-- RECORDED DATA follows --
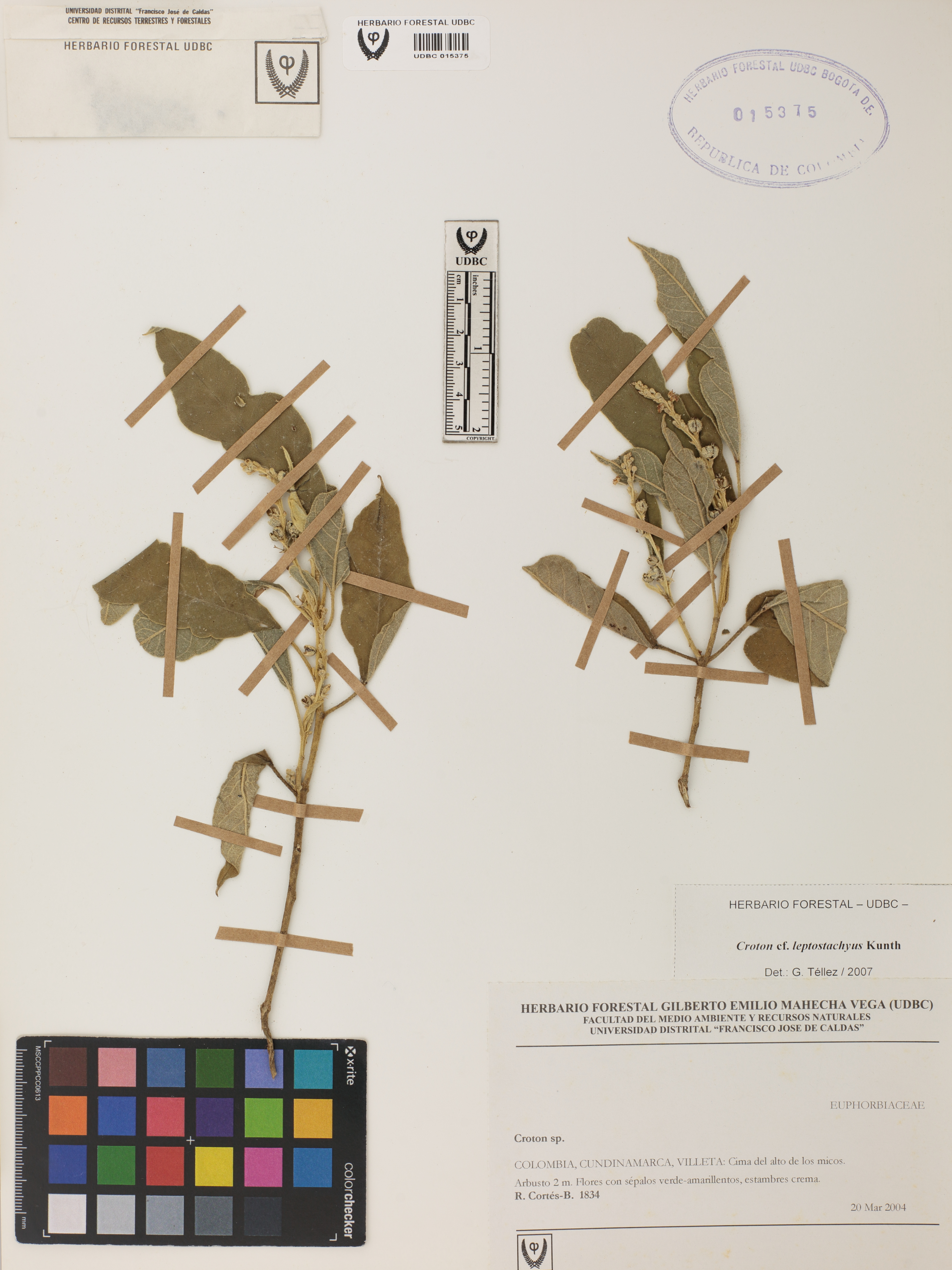 Fotografía del ejemplar Cortés-B., R. 1834, determinado como Croton leptostachyus en el año 2007
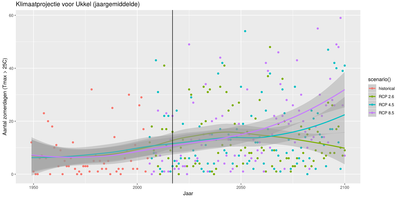 Projectie: De gekleurde punten tonen het jaarlijks aantal zomerdagen. De gekleurde lijnen tonen de evolutie van het aantal zomerdagen tot het eind van deze eeuw.
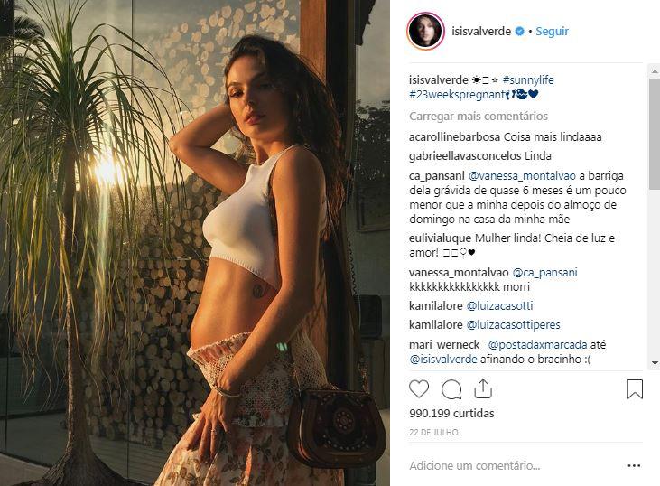 Na última quarta-feira (29), Isis compartilhou mais uma imagem de biquíni com a barriga bem à mostra. “Quase 30 semanas com você!”, ela escreveu na legenda, comemorando a reta final da gestação. Os fãs a elogiaram e desejaram coisas boas.
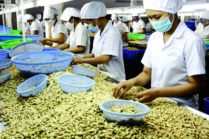 | Processing cashew nuts for export at Nhat Huy Joint-Stock Company (Binh Duong province)__Photo: Dinh Hue/VNA |
-- RECORDED DATA concluded --
__BRIEF__
The full listing above, duplicated exactly and without its pictures, is the answer.

__TASK SOLUTION__
 Fotografía del ejemplar Cortés-B., R. 1834, determinado como Croton leptostachyus en el año 2007
 Projectie: De gekleurde punten tonen het jaarlijks aantal zomerdagen. De gekleurde lijnen tonen de evolutie van het aantal zomerdagen tot het eind van deze eeuw.
 Na última quarta-feira (29), Isis compartilhou mais uma imagem de biquíni com a barriga bem à mostra. “Quase 30 semanas com você!”, ela escreveu na legenda, comemorando a reta final da gestação. Os fãs a elogiaram e desejaram coisas boas.
 | Processing cashew nuts for export at Nhat Huy Joint-Stock Company (Binh Duong province)__Photo: Dinh Hue/VNA |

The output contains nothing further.